服役中の受刑者に絵画の指導をする吃音者の画家シュー・パオチンは、若い死刑囚ジョウ・ジャンティンの描く絵の素晴らしさに魅了される。こんなに素晴らしい絵なら、沢山の人に見せる機会が欲しいと考えたシューは、それを世に出そうと思い、展覧会の開催に奔走する。

 

展覧会の開催にこぎつけたシューは、素晴らしい絵を世に出せて誇らしげな気持ちだったが、一転、大批判の的になってしまう。シューが良かれと思って絵の作者名を付けてしまい、描いたのが殺人犯とバレてしまったのだ。素晴らしいと感じた絵の画家ジャンティンは、猟奇的な無差別殺人犯だった。沢山の被害者がおり、3年前の事件なので、まだ傷も癒えていない。
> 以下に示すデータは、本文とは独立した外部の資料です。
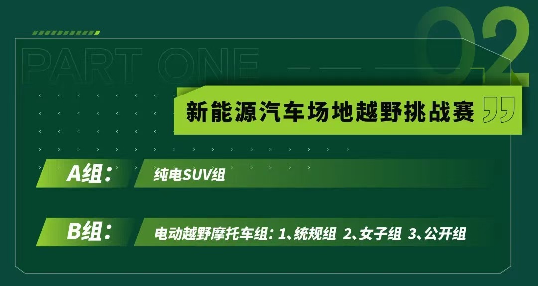 3. 比赛组别:分为A组(纯电SUV组)和B组(电动越野摩托车组,1. 统规组;2.女子组;3.公开组)。汽车纯电SUV组接受30辆车(60人)报名参赛,参赛车辆必须已进入《新能源汽车推广应用推荐车型目录》(至报名时间止);电动越野摩托车组名额暂不限制,该组别需自带车。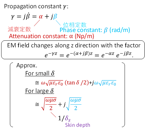 複素誘電率:誘電率に少し導電率がある場合、導電率の影響を考慮するために誘電率を複素数に拡張して、導電率が0の場合の定式化を利用して伝搬、減衰などの各種特性を計算する。本ページの下部の計算の詳細を見ればその意味は明解である。
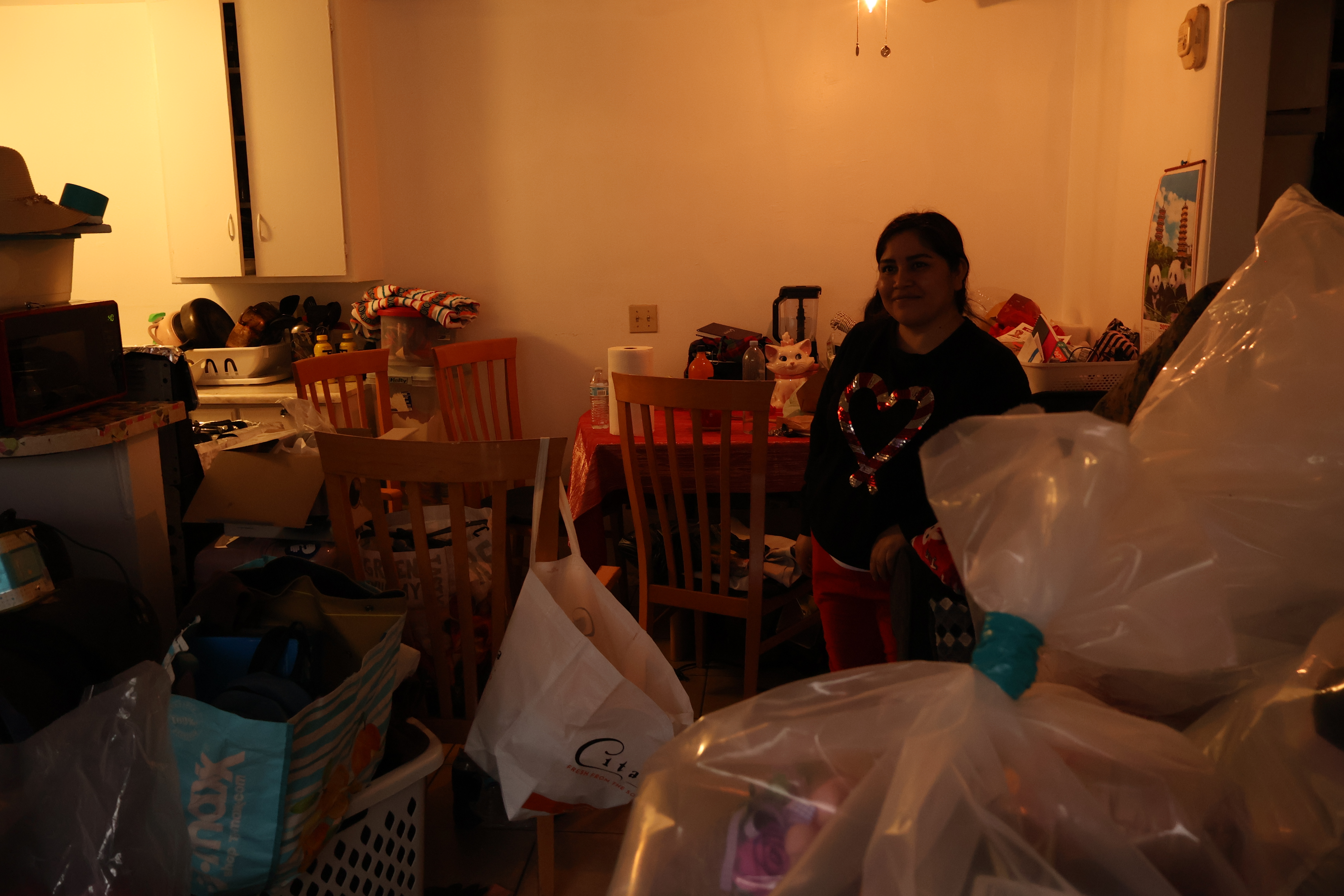 The living space of Zoela Ramirez, one of the tenants of the apartment, was filled with all kinds of items that needed to be cleaned. (Chieh-Yu, Lee/Annenberg Media)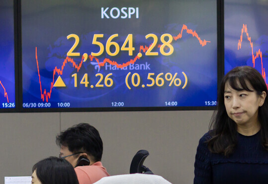 | 30일 오후 서울 중구 하나은행 딜링룸에서 딜러들이 업무를 보고 있다. 이날 코스피는 전날보다 약 0.56% 상승해 2,564.28에 거래를 마쳤다. (사진=연합뉴스) |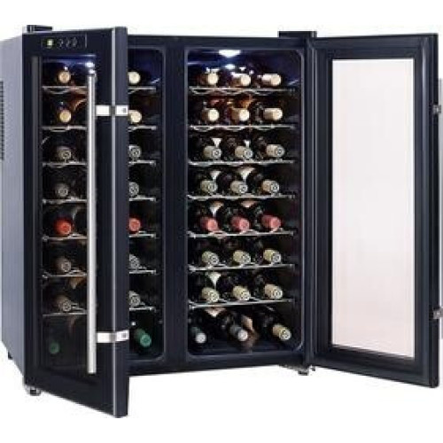 Винный шкаф Cavanova CV048-2Т спроектирован очень оригинальным образом. Несмотря на достаточно большую вместимость (48 бутылок), он занимает немного места и отлично вписывается в самые небольшие помещения. Две распашные дверцы винного холодильника упрощают доступ к вину и очень необычно дополняют интерьер. Так же одним из его достоинств является полное отсутствие шума, которое достигается благодаря системе охлаждения, основанной на принципе Пельтье. В линейке Cavanova это самый большой винный шкаф холодильник, оснащенный термоэлектрической системой охлаждения и исключающий таким образом любые вибрации. Это позволило разместить в нем металлические выдвижные полки, которые элегантно дополняют его необычный дизайн.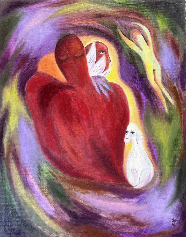 JJ Julia (Yuliya Pochynok) is an artist from Hungary. Born and studied in Ukraine, graduated from Lviv National Art Academy then moved to beautiful Budapest. JJ Julia had 2 personal and several group exhibitions. Her works are in private collections in many European countries, Canada, the United States and Asia (India). She explores woman's nature, femininity, emotions, forms and moods. Woman, a woman and nature and relationships between a woman and a man are her main interests. JJ Julia works mostly with oil paints on canvas, but experiments with acrylics and other materials. She tries not to repeat and copy herself, with every artwork JJ Julia invents some new approach, message, idea and style. JJ Julia bravely mixes abstract, expressionism, contemplation and humour, decorative elements and a combination of colours.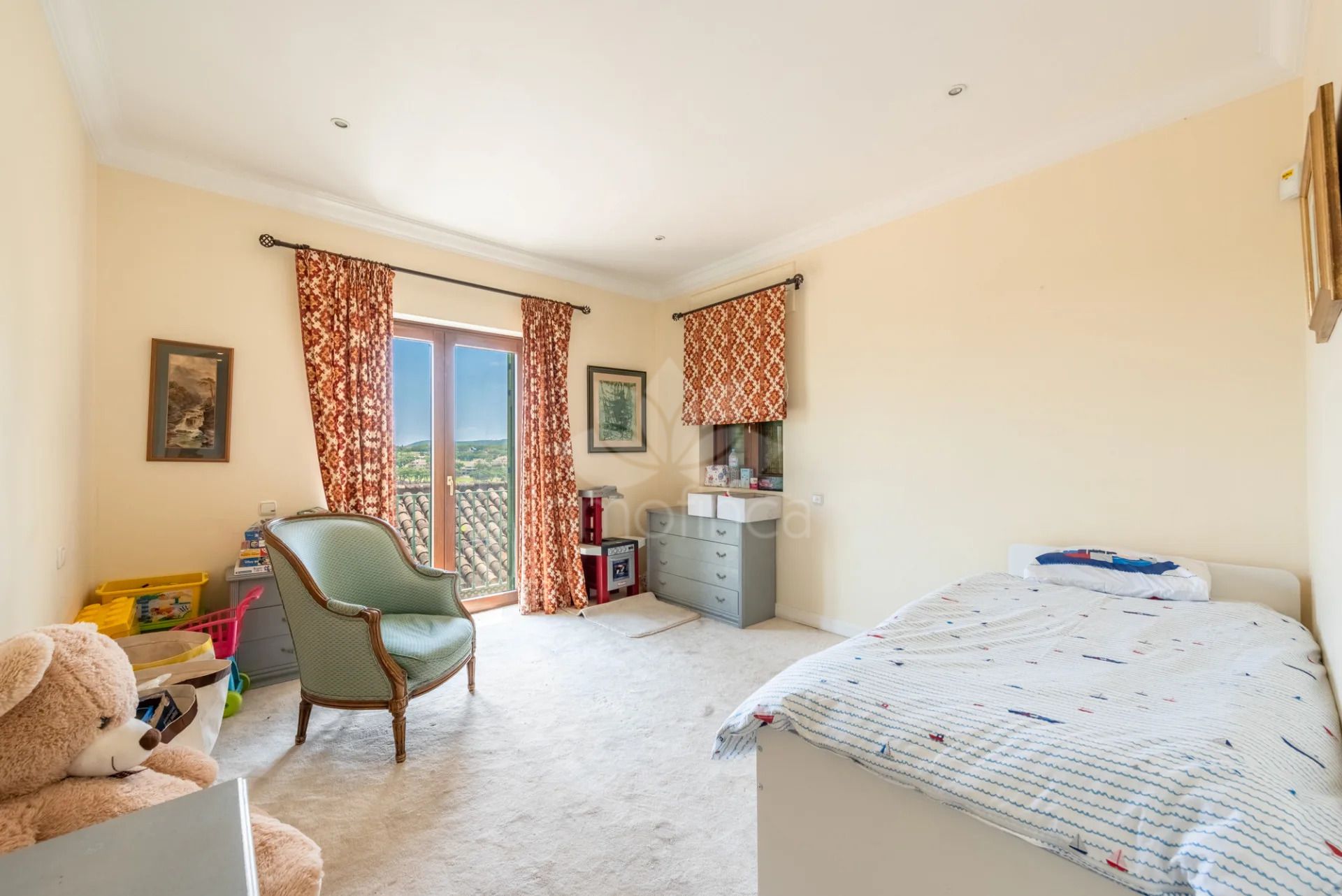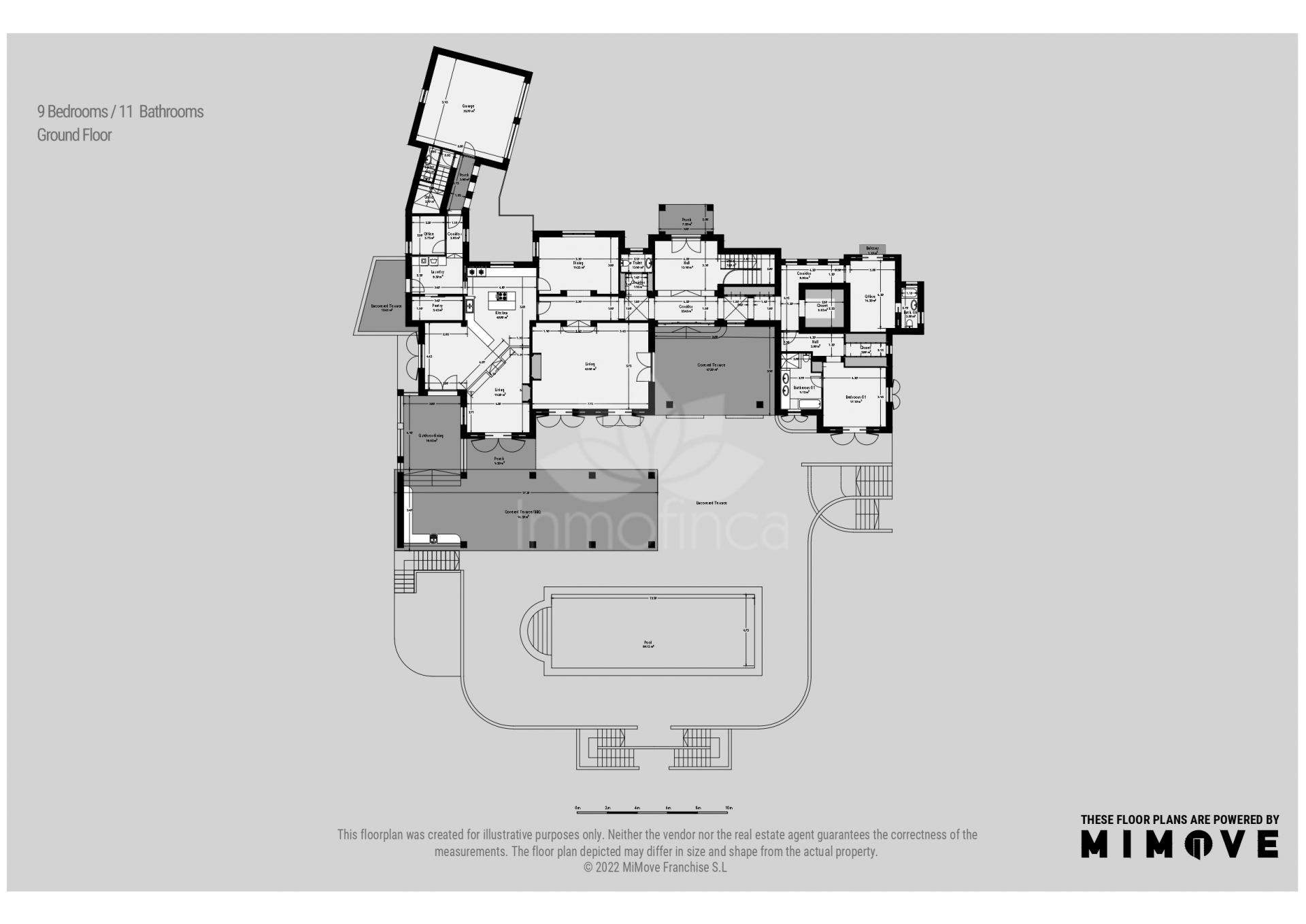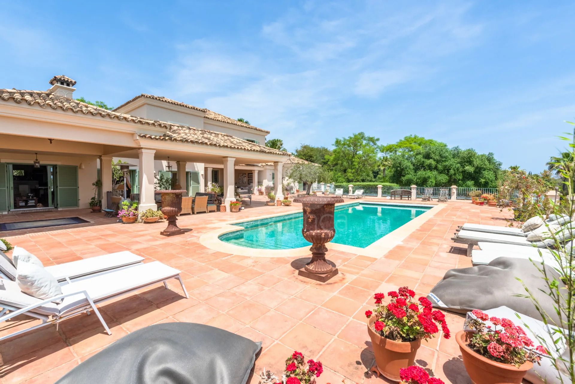 The villa offers nine bedrooms and eleven bathrooms, providing ample accommodation for residents and guests alike. The interior spans 720m² within a total built area of 1,084m², ensuring each room feels airy and bright. The property is equipped with air conditioning, underfloor heating throughout, and a fireplace, ensuring comfort in every season. There is a dedicated guest apartment, a guest room, and an office room for flexible living arrangements, while the basement, storage room, and laundry room add practical convenience. The villa’s unfurnished status presents a blank canvas for personalisation.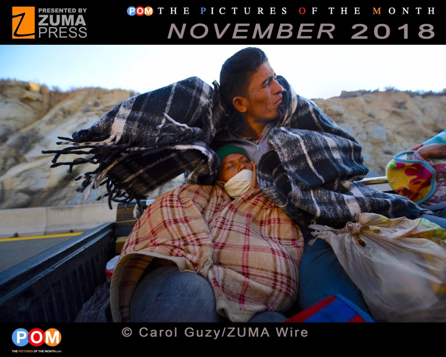 November 20, 2018 – Mexicali, Mexico – JONATAN MATAMOROS, 36 and his wife SARA ARTIAGA, 31 with their infant son JOE MIGUEL ARTIAGA, 18 months old from Honduras, hitch a ride with others from migrant caravan that had stopped to rest in Mexicali, Mexico. They endure the cold wind as they drove through La Rumorosa mountain road to a shelter in Tijuana where they will wait in hopes of crossing the border to America. They started October 12 on their journey with caravan. (Credit Image: © Carol Guzy/ZUMA Wire)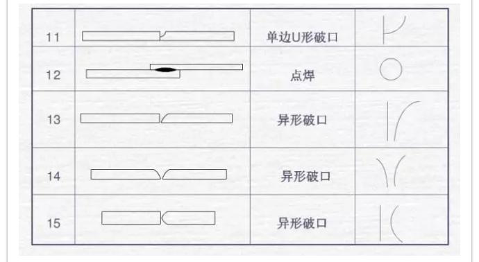 3、若焊縫處在接頭的箭頭側,則基本符號標注在基準線(xiàn)的實(shí)線(xiàn)側;若焊縫處在接頭的非箭頭側,則基本符號標注在基準線(xiàn)的虛線(xiàn)側。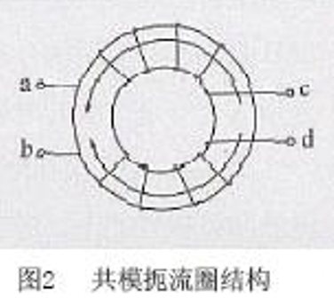 圖1 是開關電源EMI 濾波器的電路。其中L1、L2為共模扼流圈,其結構見圖2。由于它的兩個線圈匝數(shù)相等,這兩個電感對于差模電流和主電流所產(chǎn)生的磁通是方向相反、互相抵消的,因而不起作用;而對于共模干擾信號,能夠得到一個大的電感量呈現(xiàn)高阻抗,以獲得最大的濾波效果,因此對其有良好的抑制作用。但是,由于種種原因,如磁環(huán)的材料不可能做到絕對均勻,兩個線圈的繞制也不可能完全對稱等,使得L1和L2的電感量是不相等的,于是,(L1- L2)形成差模電感,它和L3與L4形成的獨立差模抑制電感與Cx電容器又組成L - N 獨立端口間的一個低通濾波器,用來抑制電源線上存在的差模干擾信號。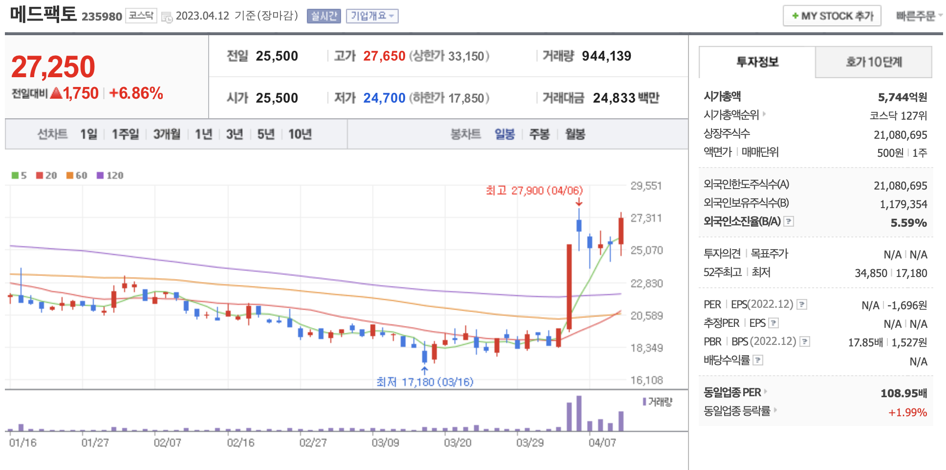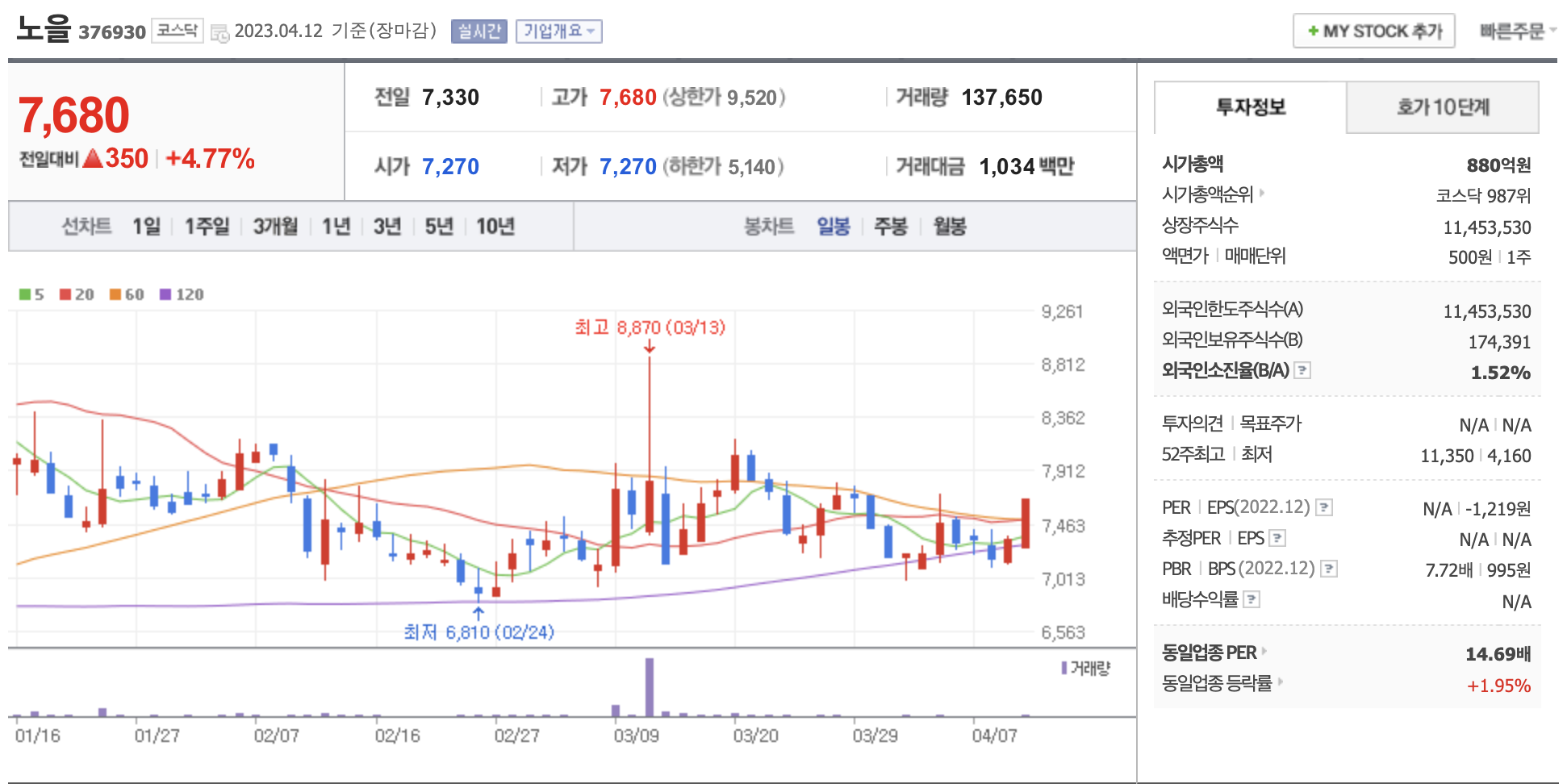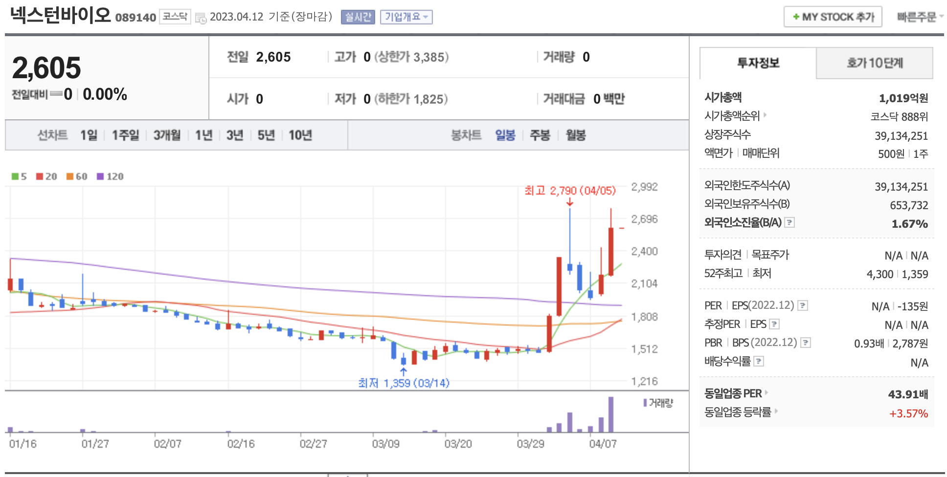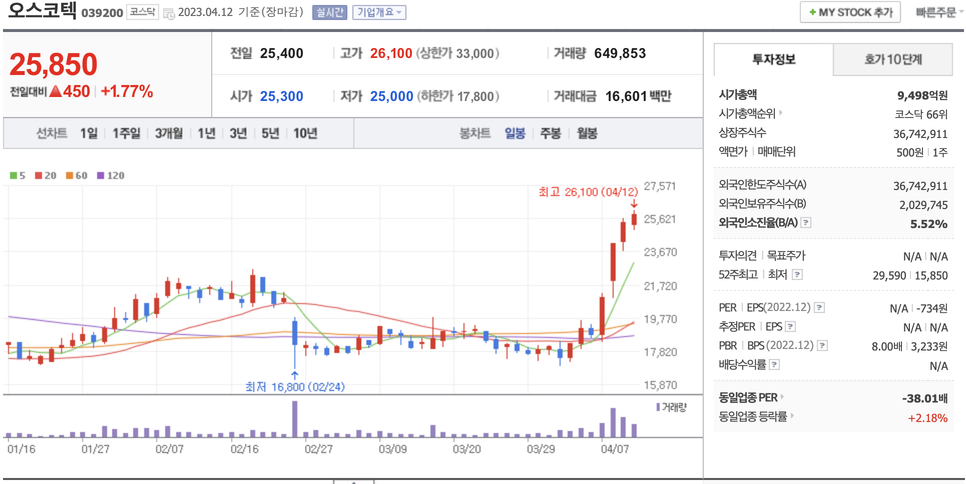2023년 4월 12일 골든크로스 발생 주식 종목 정보 : 슈프리마에이치큐,엘오티베큠,클리노믹스,큐로,엔케이,대양금속,메드팩토,한솔아이원스,노을,덴티스,비피도,케이피티유,종근당바이오,휴비..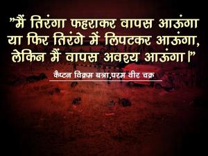 1 / 8मैं तिरंगा फहराकर वापस आऊंगा या फिर तिरंगे में लिपटकर आऊंगा, लेकिन मैं वापस अवश्य आऊंगा।2 / 8जो आपके लिए जीवनभर का असाधारण रोमांच है, वो हमारी रोजमर्रा की जिंदगी है।3 / 8यदि अपना शौर्य सिद्ध करने से पूर्व मेरी मृत्यु आ जाए तो ये मेरी कसम है कि मैं मृत्यु को ही मार डालूँगा।4 / 8हमारा झण्डा इसलिए नहीं फहराता कि हवा चल रही होती है, ये हर उस जवान की आखिरी साँस से फहराता है जो इसकी रक्षा में अपने प्राणों का उत्सर्ग कर देता है।5 / 8हमें पाने के लिए आपको अवश्य ही अच्छा होना होगा, हमें पकड़ने के लिए आपको तीव्र होना होगा, किन्तु हमें जीतने के लिए आपको अवश्य ही बच्चा होना (धोखा देना) होगा।6 / 8यदि कोई व्यक्ति कहे कि उसे मृत्यु का भय नहीं है तो वह या तो झूठ बोल रहा होगा या फिर वो गोरखा ही होगा।7 / 8आतंकवादियों को माफ करना ईश्वर का काम है, लेकिन उनकी ईश्वर से मुलाकात करवाना हमारा काम है।8 / 8इसका हमें अफसोस है कि अपने देश को देने के लिए हमारे पास केवल एक ही जीवन है।

会場前でデモも起きて、展覧会は閉めることとなってしまう。

 

 

被害者の遺族やジャンティンの家族と接して、自分の行動への迷いが生じる。良いものは作者の人格とは関係なく良いと思っていたのだが、絵の良さを感じる前に人々は嫌悪感を覚えてしまうのだ。

 

しかし、絵の魔力に取りつかれた画家としての自分を否定することも出来ない。芸術作品の価値は、その作者を取り巻く背景から自立して存在することが出来るのか、出来ないのか。芸術の価値とは何なのか。問われることとなる。そして・・・。後は、映画を観て下さいね。

 

 

この映画、問題作でした。日本でも秋葉原で猟奇無差別殺人があったでしょ。この映画のジャンティンは、同様の事件を起こして、沢山の人を殺し、重傷者も出しているんです。そんな人間に絵を描かせたら、素晴らしい絵を描いたので、ぜひ、沢山の人に見て貰おうと言う事で展覧会を開くんです。

 

いくら素晴らしい絵でも、私はやっぱり受け入れられないと思いました。確かに、人殺しをするような人間は人と違った感覚を持っていることが多く、そういう違う部分が、人の心を動かすと言う事はあると思います。芸術とは、人と違うからこそ喜ばれるものですから。だからと言って、沢山の人を殺した人間に絵を描かせて、人前に出すのはどうなんでしょう。人間は感情のある人間ですから、ただ、芸術と割り切って絵を観る事は辛いと思います。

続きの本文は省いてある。